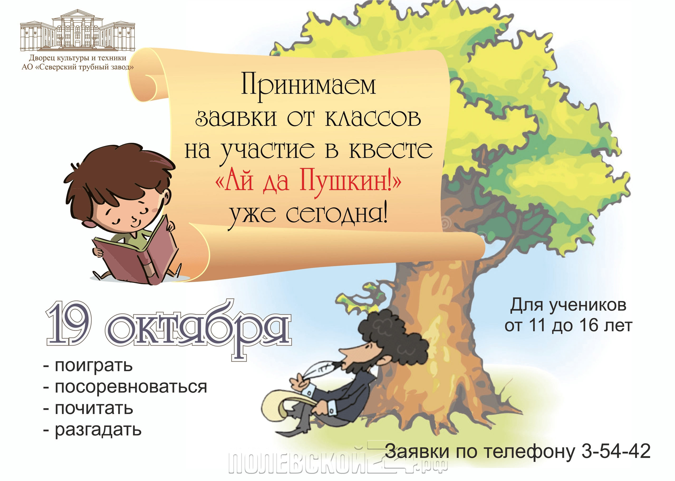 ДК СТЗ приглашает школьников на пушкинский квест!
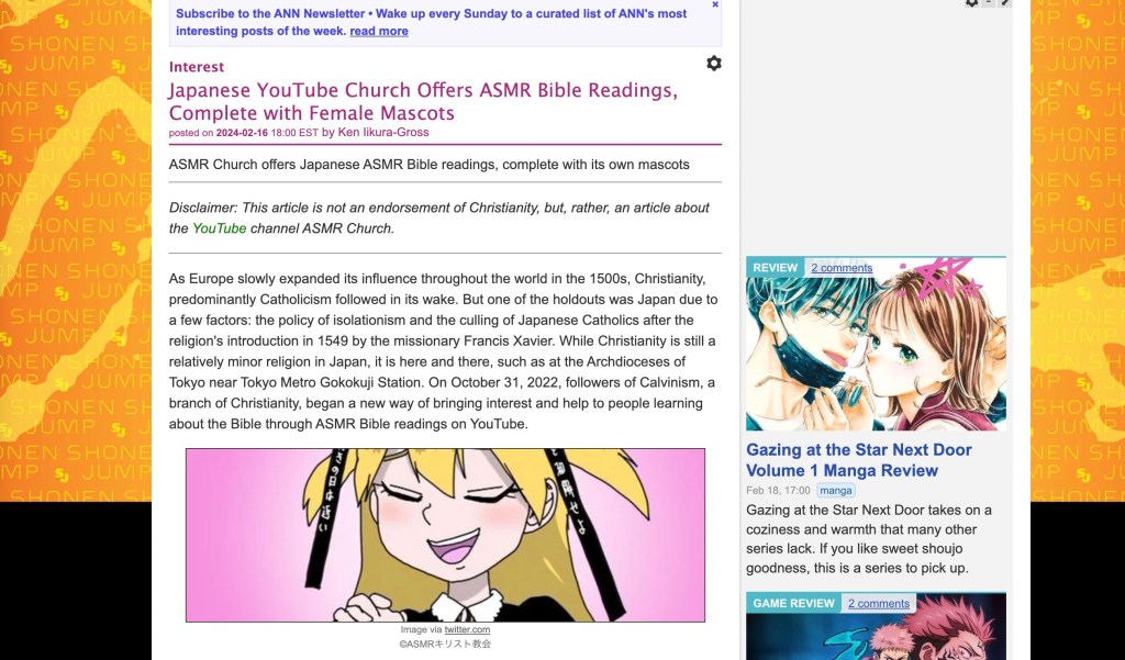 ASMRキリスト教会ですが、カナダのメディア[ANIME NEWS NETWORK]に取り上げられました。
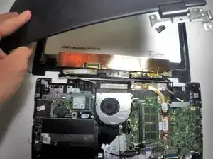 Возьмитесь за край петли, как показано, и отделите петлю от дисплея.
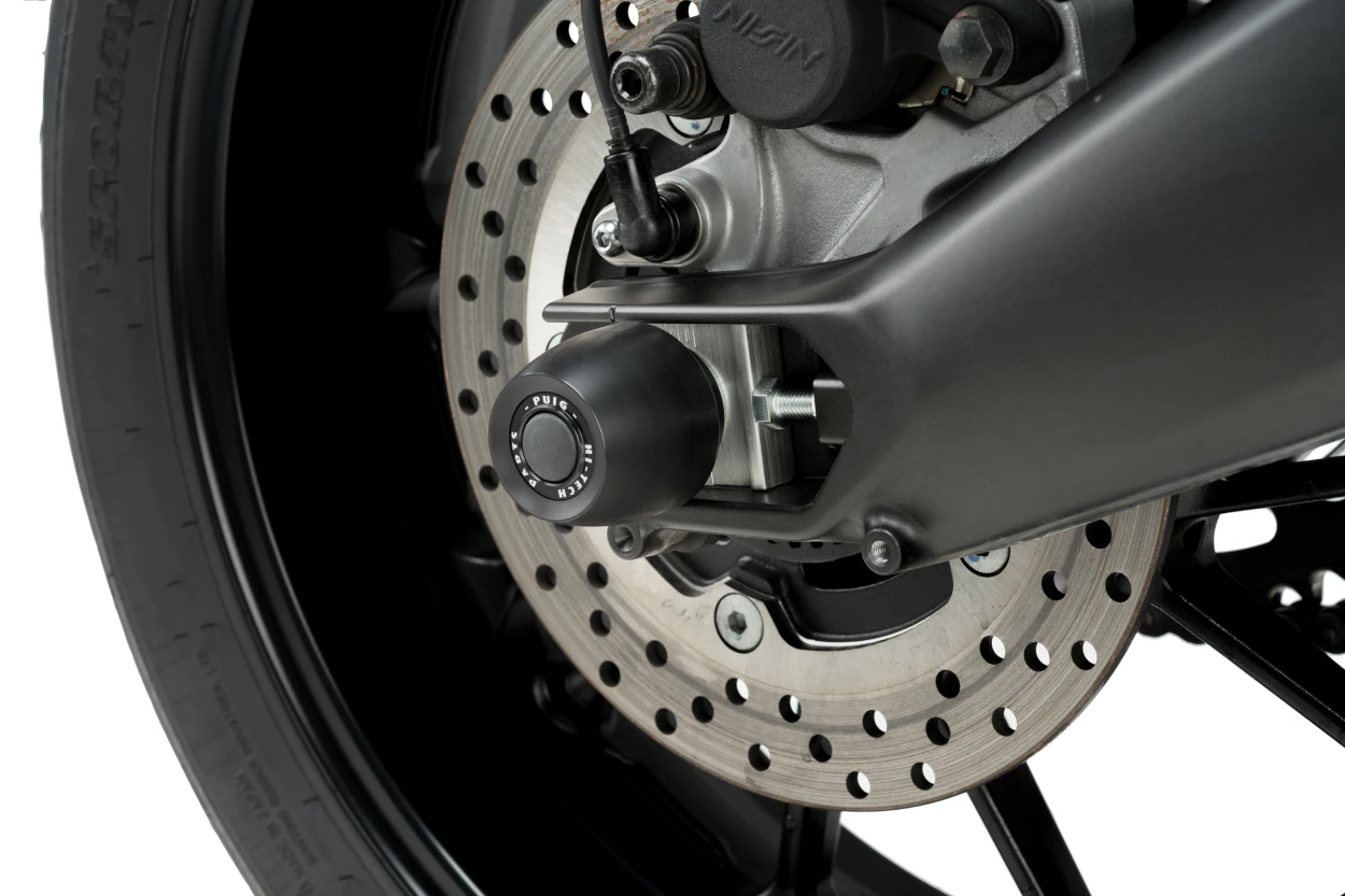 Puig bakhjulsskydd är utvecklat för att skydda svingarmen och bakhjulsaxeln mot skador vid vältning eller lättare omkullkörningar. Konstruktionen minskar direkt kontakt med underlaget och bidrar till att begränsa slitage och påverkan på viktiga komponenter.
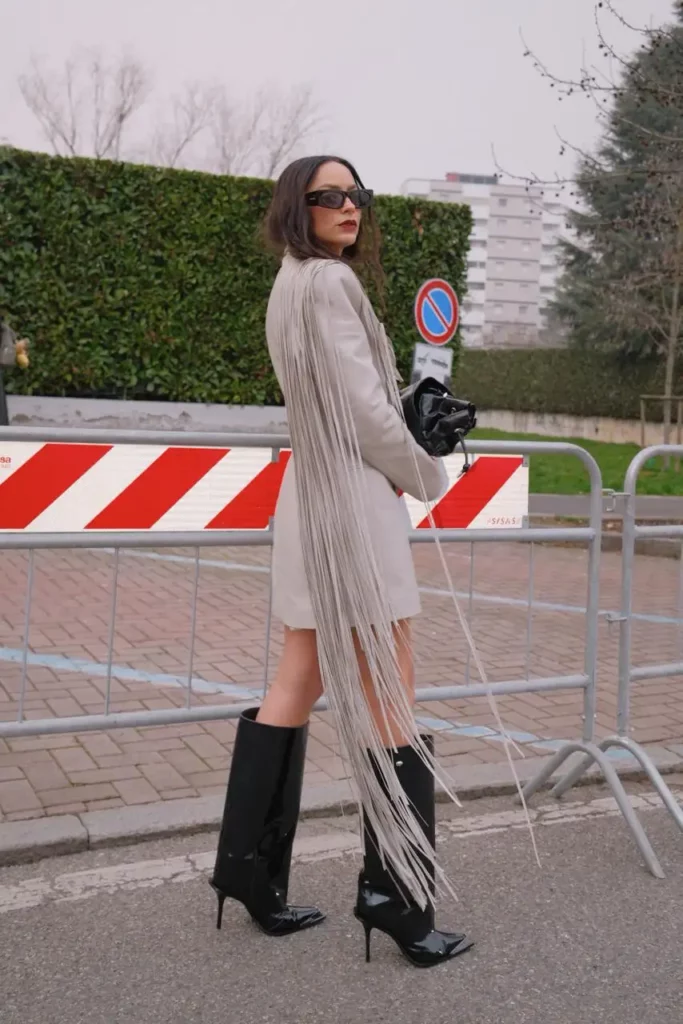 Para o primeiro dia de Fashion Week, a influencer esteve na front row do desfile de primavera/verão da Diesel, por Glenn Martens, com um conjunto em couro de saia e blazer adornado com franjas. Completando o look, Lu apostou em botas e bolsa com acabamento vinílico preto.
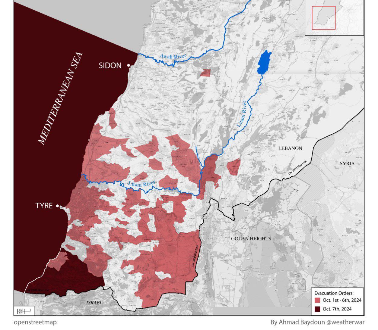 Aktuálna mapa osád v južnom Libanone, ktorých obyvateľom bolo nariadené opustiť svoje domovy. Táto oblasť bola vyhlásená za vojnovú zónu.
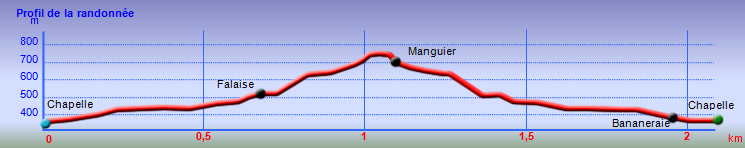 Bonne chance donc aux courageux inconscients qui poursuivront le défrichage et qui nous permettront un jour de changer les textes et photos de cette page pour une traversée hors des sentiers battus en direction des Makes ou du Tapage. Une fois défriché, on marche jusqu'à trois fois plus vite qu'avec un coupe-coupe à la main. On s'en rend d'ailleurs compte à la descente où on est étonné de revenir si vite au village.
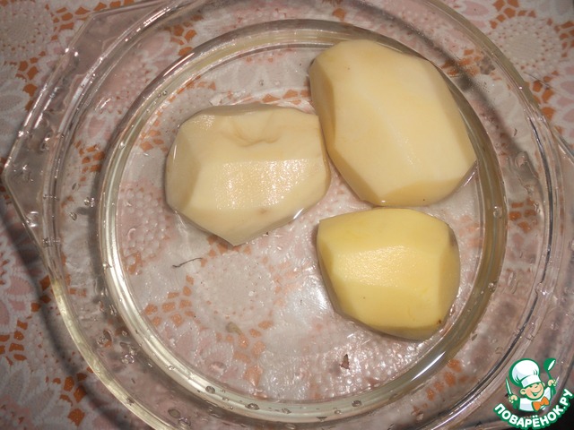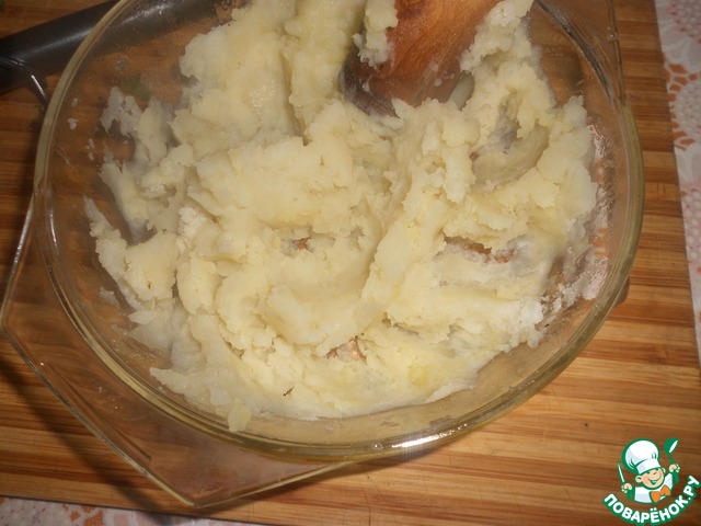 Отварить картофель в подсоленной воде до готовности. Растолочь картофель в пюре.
+ + + + + + +
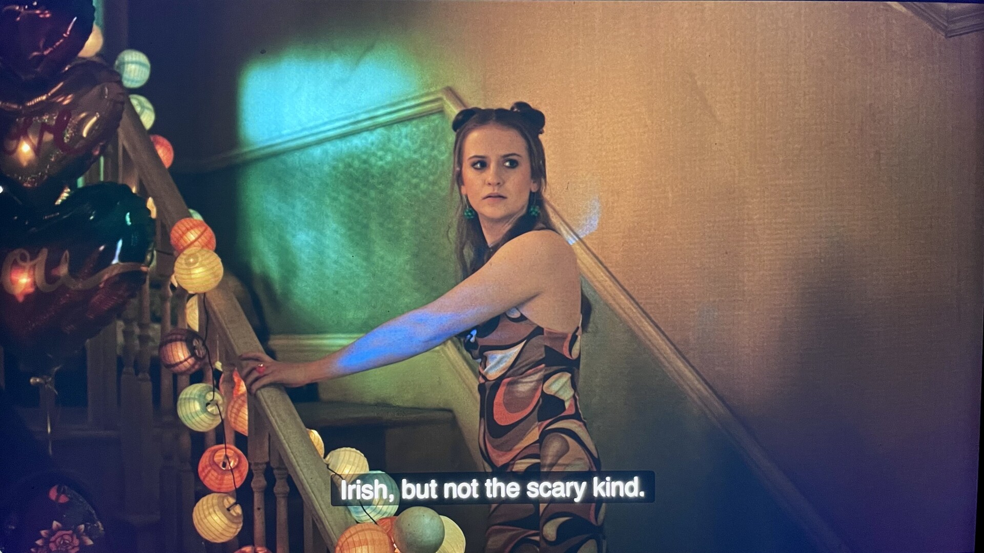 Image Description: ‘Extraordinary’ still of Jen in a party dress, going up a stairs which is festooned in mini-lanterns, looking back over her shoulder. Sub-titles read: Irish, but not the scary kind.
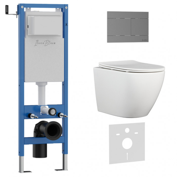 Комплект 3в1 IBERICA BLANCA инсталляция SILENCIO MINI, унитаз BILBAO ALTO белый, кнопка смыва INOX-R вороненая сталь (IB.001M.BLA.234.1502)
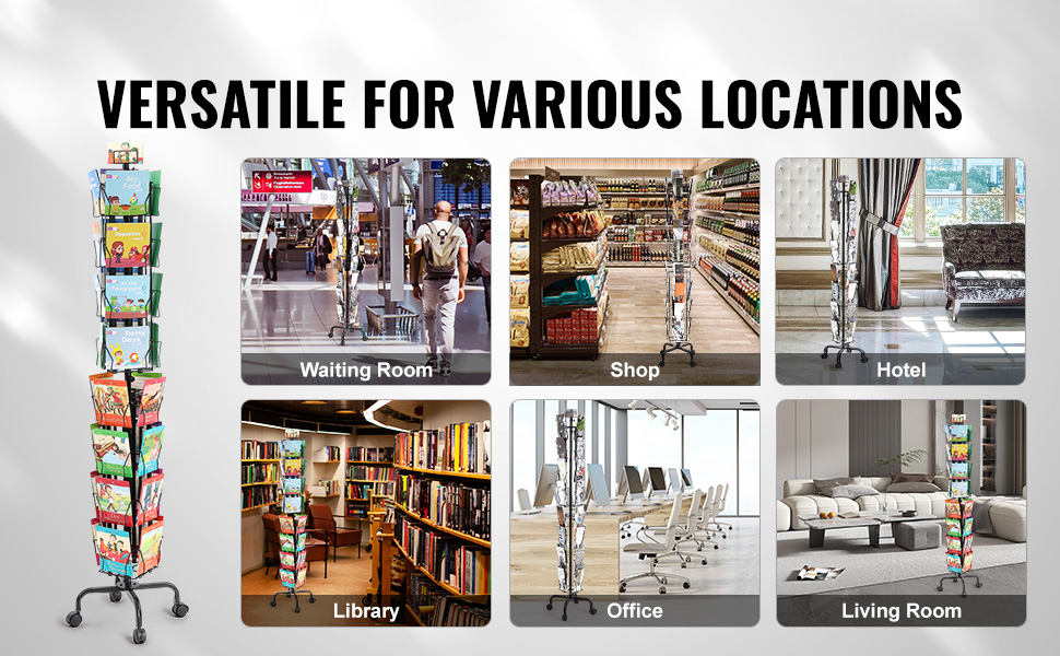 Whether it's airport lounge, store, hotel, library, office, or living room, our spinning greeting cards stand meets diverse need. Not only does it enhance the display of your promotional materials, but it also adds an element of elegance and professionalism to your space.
+ + + + + + +
* Task objective *
Using the entries above, repeat exactly the lines from the one with "Puig bakhjulsskydd är" to the one with "Aktuálna mapa osád", both included, and leave the pictures behind.

* Answer to this problem *
 Puig bakhjulsskydd är utvecklat för att skydda svingarmen och bakhjulsaxeln mot skador vid vältning eller lättare omkullkörningar. Konstruktionen minskar direkt kontakt med underlaget och bidrar till att begränsa slitage och påverkan på viktiga komponenter.
 Para o primeiro dia de Fashion Week, a influencer esteve na front row do desfile de primavera/verão da Diesel, por Glenn Martens, com um conjunto em couro de saia e blazer adornado com franjas. Completando o look, Lu apostou em botas e bolsa com acabamento vinílico preto.
 Aktuálna mapa osád v južnom Libanone, ktorých obyvateľom bolo nariadené opustiť svoje domovy. Táto oblasť bola vyhlásená za vojnovú zónu.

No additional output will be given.